Wednesday, November 4, 2015

Strategic Planning in Government and the Balanced Scorecard

The Balanced Scorecard is presented as a tool that enables managers to adopt a holistic approach in strategy formulation rather than remaining constrained by the traditional method of making strategic decisions purely under financial considerations, e.g. revenue, profit, earnings per share. Specifically, the Balanced Scorecard links the financial perspective with important operational realities: how the customer views the company's performance, the internal strengths and weaknesses of the company's business processes vis-a-vis competition and customer expectations, and the company's ability to constantly learn and innovate in real time so as to prepare for the future and stay on top of the game. The catch is though, these linkages are readily discernible in the operational model of a for-profit company which produces certain products or renders certain services to a certain number of customers over a given period of time, revenues thus generated providing the economic basis for the company's survival and justifying the complex linkages analyzed in the Balanced Scorecard. In my experience, however, as a government functionary in a developing country, most government departments just rely on top-down annual fiscal allocations to continue operations. There are no stimulants such as external competition or responsibility to shareholders to spur such in-depth analysis of the organization's internal and external environments as the Balanced Scorecard demands. Often, and owing primarily to a captive client base and weak political and legal systems as in a developing country, government departments hardly care about what their clients think of them. It is the clients who need them, and not vice versa.

In such a setting as described above, the Balanced Scorecard method for measuring performance can only be meaningfully deployed if a department's annual funding is linked with performance. This in itself can become problematic because funding for such vital institutions as the police, the fire service, schools and hospitals can never be totally linked to performance. Also, performance measurement and evaluation requires a great deal of political will and resource investment which is often lacking.
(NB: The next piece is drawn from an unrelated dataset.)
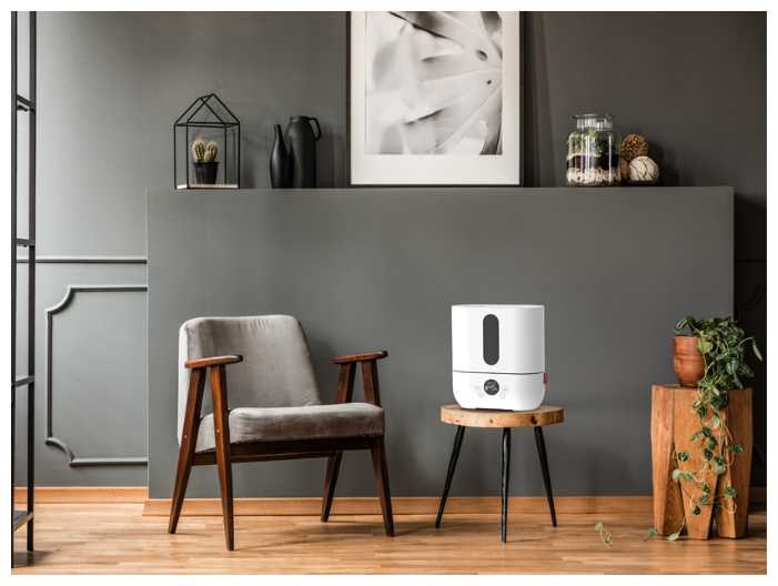 - Встроенный гигрометр и гигростат точно поддерживают заданный уровень, без скачков, что улучшает комфорт дыхания и снижает сухость воздуха.

In this context, I believe it is of foremost importance for governmental organizations to first introspectively discover their core values and purpose of existence as recommended in 'Building Your Company's Vision'. Then they must set truly ambitious long-term goals (the BHAG) for themselves, e.g. Pakistan will be the top exporter of mangoes to Europe and America by 2025. Once these essentials are clarified, organizations can set about identifying their clients as vital to achieving the BHAG and setting the smaller goals and performance measures towards the larger outcome. The financial perspective could then be how efficiently and effectively in terms of internal practice and innovative approaches the organization utilizes its fiscal allocation towards meeting client expectations as it ultimately strives towards the BHAG and associated shorter-term objectives.

The City of Charlotte presents a good model for the meaningful implementation of the Balanced Scorecard. It also underscores the paramount significance of political will and commitment to change in transitioning towards measurement-based performance and strategy in a governmental setting.